Make the pipeline abstract, loosely coupled with the infrastructure it runs on. This should make it possible to transfer it from one cloud service provider to another, or to an on-premise set-up with minimal overhead.
We started off with research into the available technologies. We went for GitLab to create the CI/CD pipeline. This is where we also stored the code and converted it to docker images. These images were stored in an IBM cloud registry which is called by the components in Kubeflow. These components form the machine learning pipeline that gets the data; preprocesses it; trains; evaluates; and then stores the model in Google Drive.
“The challenge not only improved my machine learning and coding skills but led to my growth as an individual. I learned how to better work with people, to collaborate with team members from all over the world in a virtual environment, all that while balancing other areas of my life. I’m glad I could contribute to saving endangered species.” - Barbra Apilli, CI/CD Team
Easy-to-use MLOps Pipeline
After a thorough consideration of how the user will interact with the system in the future, we created a workflow:
The user first uploads new data to Google Drive.
The data goes to the Kubeflow dashboard, starting a new run.
After the run, code in the pipeline uploads the model to Google Drive.
This is where it’s fetched from and uploaded onto the drone.
When a new run is started, code from GitLab is converted into docker images by a process known as containerisation. Code for the different machine learning components resides in individual branches of the GitLab repository. Each branch contains code informing Kubeflow about the pipeline structure and the paths to the inputs and outputs of each component. This code is known as pipeline definitions. Any modification of the code triggers the CI/CD pipeline to generate a new image with updates. This image is then pushed to IBM Cloud Container Registry.
The MLOps pipeline in Kubeflow retrieves these images and runs the code in the 4 machine learning workflow components:
Data Retrieval contains the code that fetches the newly uploaded data from Google Drive.

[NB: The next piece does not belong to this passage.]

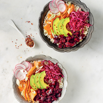 Σερβίρισμα: Μοιράζουμε το ρύζι σε δύο φαρδιά και ρηχά μπολ. Τοποθετούμε τα μαριναρισμένα παντζάρια και τους χυμούς τους. Στραγγίζουμε ξεχωριστά τα καρότα και το λάχανο και τα τοποθετούμε και αυτά πάνω στο ρύζι. Γαρνίρουμε με το αβοκάντο και το ραπανάκι κομμένο σε φέτες. Συμπληρώνουμε την υπόλοιπη σάλτσα, προσθέτοντας περισσότερο σησαμέλαιο, αν θέλουμε. Πασπαλίζουμε με μπούκοβο και σερβίρουμε με τα τσιπς kale στο πλάι (αν τα βάλουμε).
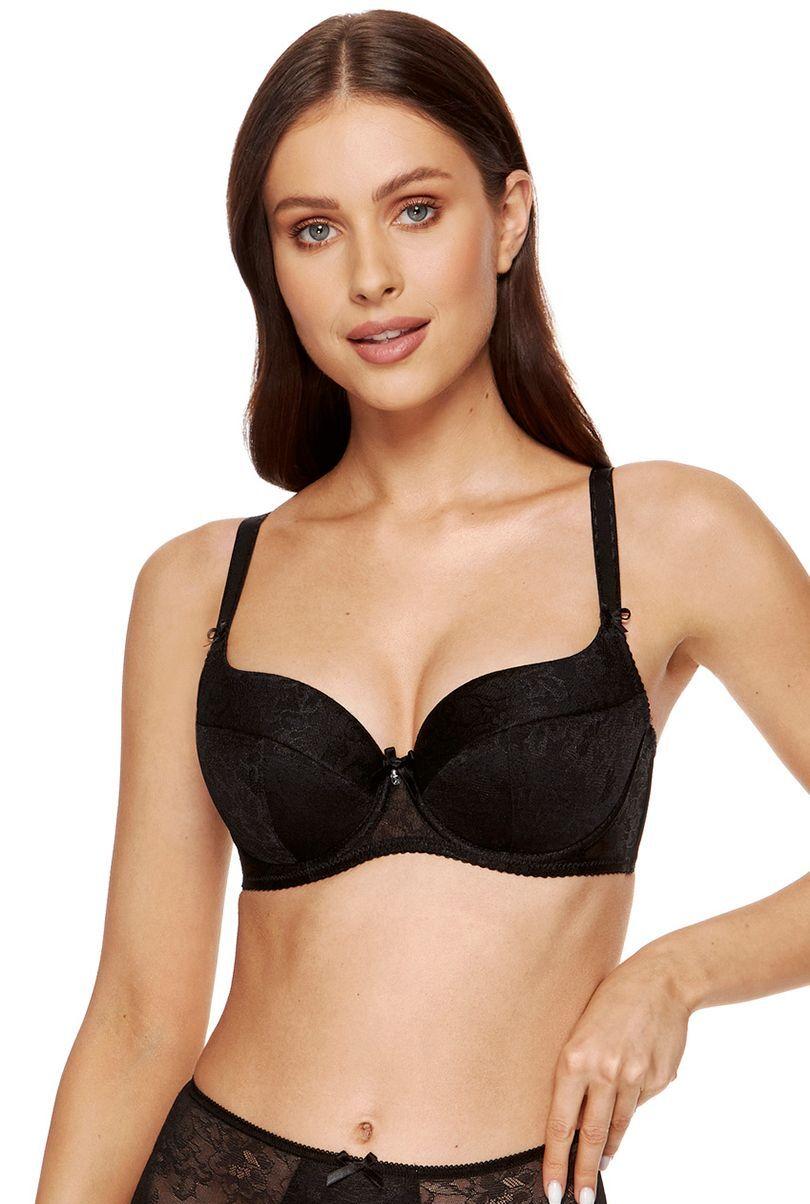 Miski usztywniane, wykonane z pianki gorseciarskiej powleczonej materiałem w połyskujący wzór roślinny, Wewnętrzną część misek pokryto bawełną ze standardem OEKO-TEX®, dzięki czemu są przyjazne dla skóry, Pionowe fiszbiny boczne stabilizują obwód biustonosza, Biustonosz zaprojektowano i uszyto w Polsce, W celu utrzymania bielizny w dobrej kondycji przez długi czas zaleca się delikatne pranie ręczne w temperaturze 30°C, Modelka Gabriela ma 174 cm wzrostu i nosi rozmiar 70E.

Data Preprocessing handles the separation of uploaded data into different datasets to be used in the training of the model - training, validation and testing dataset.
The data was cleaned - grayed and blurry images (presumed to be large bodies of water) were removed since they didn’t contain relevant information.
The cleaned data was augmented.
The datasets directory structure was then modified to fit the YOLOv5 models.
Model Training. The preprocessed training dataset is used to train the model. The training code is obtained from the official Ultralytics YOLOv5 docker image.
Model Deployment. When the pipeline run has finished, the trained model is pushed to Google Drive.
The Kubeflow framework can be deployed on all major cloud platforms as well as on-premise. The cloud platform we used was IBM Cloud Kubernetes Service.
The biggest challenge for us was to grasp the GitLab CI/CD and Kubeflow pipelines and to ensure that all the technologies worked well with each other. We were able to create the pipeline, yet there is still room for improvement.
We’ve outlined the follow-up path for the next CI/CD team to start with:
Implement model evaluation and create tests for the different components.
Fetch an available pre-trained model from Google Drive to start a new run.
Automate the manual processes within the pipeline so non-technical users don’t have to worry about picking up the tech.
Ensure a safe and secure storage of credentials used to run the pipeline.
Create a web application to trigger the machine learning workflow.